А когда Мария падала без чувств и из уст ее вырывались слова любви; «Учитель, Иисусе мой любимый, возлюбленный мой Господи, приди ко мне», когда мольба ее превращалась в одну скорбную мелодию любовной тоски, — энтузиазм толпы доходил до безумия. Один за другим, словно в бреду, с дрожью ужаса, точно свершая нечто такое, что превосходит человеческие понятия, подходили они к Марии, погружали, как в кропильницу, пальцы в ее открытую рану на боку и, окропляя себя этой кровью, чувствовали в себе и над собой близкое присутствие Бога, наполнявшее их души мистическим страхом.
Община крепла духом, но живой источник ее таинственных волнений и экстаза — сама Мария таяла и слабела. Вскоре она почувствовала, что чистый поток ее духовных стремлений и полетов к возлюбленному как бы иссякает и мутится весьма сильно чувственными элементами.
Снова ее стало тянуть к старому, греховные мысли все чаще и чаще преследовали ее по ночам, все громче и громче звучал голос крови и страстной тоски.
Сознание ее то гасло, то вновь разгоралось, она то становилась ясновидящей, то погружалась в бездну тоски и безумия. Мария становилась раздражительной, дикой, несдержанной.
Она отказывалась слушаться старейшин, запиралась в своей келье, и часто вся община подолгу дожидалась ее напрасно. Несмотря на все настояния, Мария отказывалась показываться верующим.
Однажды попробовали привести ее силой, но тогда она до того разозлилась, что, казалось, ею овладели все демоны, взятые вместе.
Едва только Максимин обратился к ней, как раздался ее звонкий, напряженный голос и полилась звучная, греческая, шаловливая песенка Тимона. Мария стала раскачиваться в такт ей из стороны в сторону и быстро расплетать свои косы. Распущенные волосы, словно огненные змеи, завивались прядями вокруг лба и шеи, покрыв плечи и спину золотистым потоком.
Возмущенный Максимин ударил посохом об пол и стал публично стыдить ее.
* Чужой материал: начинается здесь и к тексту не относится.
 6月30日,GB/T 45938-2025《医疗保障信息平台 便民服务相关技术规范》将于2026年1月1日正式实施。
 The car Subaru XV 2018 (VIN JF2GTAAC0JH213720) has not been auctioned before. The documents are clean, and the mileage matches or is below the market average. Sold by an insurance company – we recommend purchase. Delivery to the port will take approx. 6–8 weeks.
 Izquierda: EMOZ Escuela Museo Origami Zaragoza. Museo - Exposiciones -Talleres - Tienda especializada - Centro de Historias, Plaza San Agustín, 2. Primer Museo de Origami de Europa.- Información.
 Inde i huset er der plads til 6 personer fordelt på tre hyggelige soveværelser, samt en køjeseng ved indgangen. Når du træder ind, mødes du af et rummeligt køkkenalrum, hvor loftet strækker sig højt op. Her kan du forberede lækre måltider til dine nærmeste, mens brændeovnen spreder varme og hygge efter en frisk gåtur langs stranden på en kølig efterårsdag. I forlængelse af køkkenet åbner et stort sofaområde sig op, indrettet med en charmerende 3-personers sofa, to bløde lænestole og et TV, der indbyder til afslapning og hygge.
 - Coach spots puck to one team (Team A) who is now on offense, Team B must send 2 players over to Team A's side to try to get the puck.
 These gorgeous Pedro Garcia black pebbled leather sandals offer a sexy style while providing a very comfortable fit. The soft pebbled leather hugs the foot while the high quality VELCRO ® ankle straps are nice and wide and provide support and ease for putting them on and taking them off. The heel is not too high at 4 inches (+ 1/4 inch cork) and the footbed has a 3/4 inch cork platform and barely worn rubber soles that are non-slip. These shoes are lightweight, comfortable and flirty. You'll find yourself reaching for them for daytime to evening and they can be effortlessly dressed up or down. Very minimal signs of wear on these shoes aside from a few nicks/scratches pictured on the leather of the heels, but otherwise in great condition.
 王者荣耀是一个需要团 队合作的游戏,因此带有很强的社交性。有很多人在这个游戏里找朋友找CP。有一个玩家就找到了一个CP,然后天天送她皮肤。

Лицо Марии побледнело и стало белым, как бумага. Страшная, словно привидение, дерзко повернувшись к настоятелю, с изменившимися до неузнаваемости темно-синими глазами, она неожиданно разразилась диким криком:
— Что вы со мной сделали, вы, вы, вы все? Вы замутили до глубины души тихий покой моего сердца… столкнули меня в бездну греховную… Мои жилы благодаря вам наполнились кровью и грозят лопнуть… Я упивалась сладостью его крови, вы сделали то, что я умираю и погибаю теперь от жажды… Вы оболгали меня, испоганили красу мою, которую он так любил… Вы питаетесь мной, как шакалы, разрываете на части сердце мое, пьете по каплям, как вампиры, кровь мою! Сосете меня, как щенята львицу, рвете на куски мою душу… вы… вы… вы…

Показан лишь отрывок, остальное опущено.